Personality as a Risk Factor for Eating Disorders: How Therapy Can Help
Personality traits, such as perfectionism, impulsivity or negative affect, can contribute to the development of eating disorders. These traits may drive unhealthy behaviors like restriction, binge eating or purging. Addressing these personality patterns in therapy is key to treating eating disorders, helping individuals develop healthier coping mechanisms and improve self-image.
Risk Factors for Eating Disorders
Eating disorders are considered a perfect storm illness, where multiple components intermingle to create the perfect opportunity for an eating disorder to develop. Eating disorders develop through a combination of different factors, including:
- Personality
- Genetic predisposition
- Co-occurring psychiatric diagnoses
- Circumstances and life events
- Environment
While personality is not the sole factor in the development of an eating disorder, certain personality traits can make one more likely to develop an eating disorder while others can impact treatment outcomes.
The Link Between Eating Disorders & Specific Personality Traits
Personality is the enduring configuration of characteristics and behavior that comprises an individual’s unique adjustment to life, including major traits, interests, drives, values, self-concept, abilities and emotional patterns. Various theories explain the structure and development of personality in different ways, but all agree that personality helps determine behavior.

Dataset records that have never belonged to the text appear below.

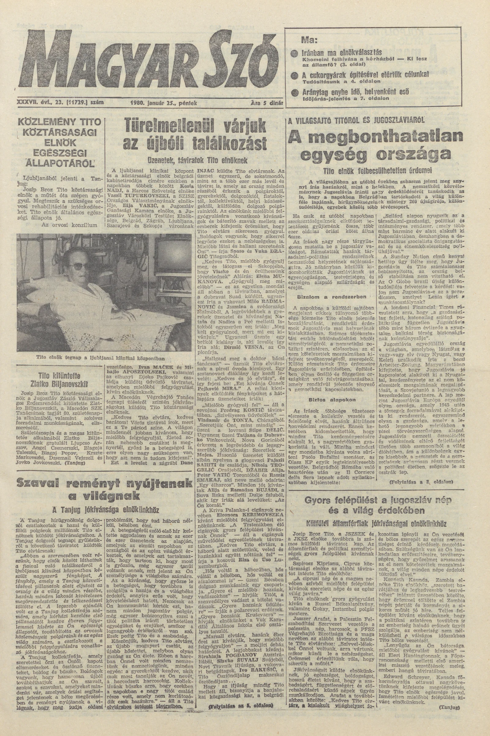 Magyar Szó, 37. évf. 1980. január 25. 23. sz. 1–20. oldal
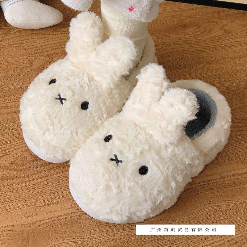 Schattige Miffy konijn katoenen pantoffels dames herfst vier seizoenen buitenkleding antislip dikke zool huis binnen tas en warme katoenen schoenen va
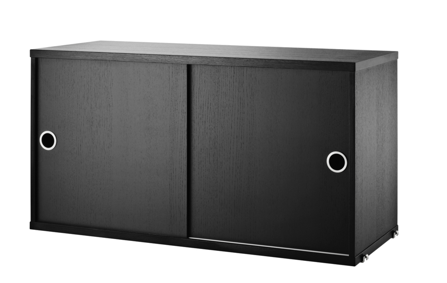 The cabinets with sliding doors are available in one width, 78 cm, along with two depths, 20 and 30 cm. The cabinets fit into all wire and plex panels from String® System. It is visually pleasing to add a bolder element to your shelf, like a cabinet, which also give you a lot of extra storage. The cabinet consists of one divider placed in the middle along with two adjustable inner shelves. The cabinet’s inner dimensions are 4 cm less than the outer dimensions. The cabinets are delivered unassembled.
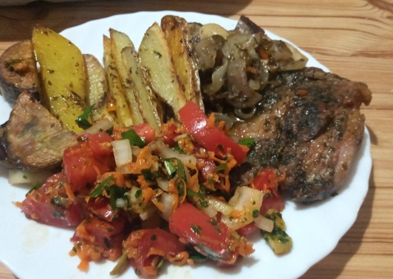As for the number of servings that can be served to make Carne al horno con papas y batatas con salsa schug is 2 porciones. So make sure this portion is enough to serve for yourself and your beloved family.
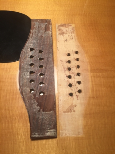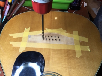 ブリッジ再接着、ブリッジプレートプラグ補修、フレットの擦り合わせ、ネック調整、弦高調整、オクターブ調整を含む弦周りの施工でした。
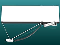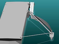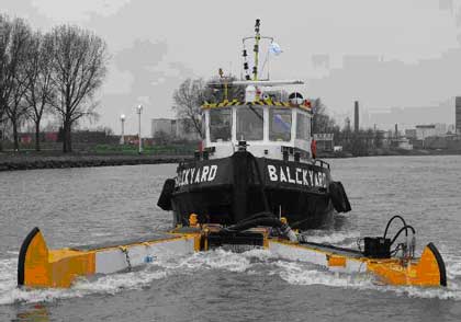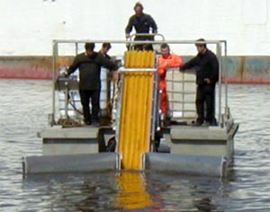 Кроме того, его можно использовать в различных положениях и комбинациях – перед судном-сборщиком, у его борта, с понтоном или боновым заграждением. Испытания показали, что наилучшими параметрами, обеспечивающими качественную зачистку, являются угол раствора 120 градусов при скорости 3.5 узла. Система исполняется в нескольких вариантах, от стальной конструкции длиной 11 метров, шириной сбора 3.7 метра и высотой 1.5 метра, до небольшой аллюминиевой длиной 4 метра. К нефтесборщику прилагается набор из нескольких сьемных типов нефтесобирающих устройств (ловушка, щетки, пояса — weir, brush, belt). Складывающийся Victory Oil Sweeper удобен в экслпуатации и перевозке.

Individuals with eating disorders differ significantly from healthy peers, especially in traits like:
- Perfectionism
- Impulsivity
- Negative affect
- Obsessive-compulsivity
- Detachment
Perfectionism
Perfectionism is the desire to be or be perceived as perfect. Perfectionism is a common trait in patients with eating disorders, which can exacerbate disordered eating behaviors. Perfectionists often hold themselves to a high standard in terms of their diet, shape and weight and have a drive to achieve perfection in these areas.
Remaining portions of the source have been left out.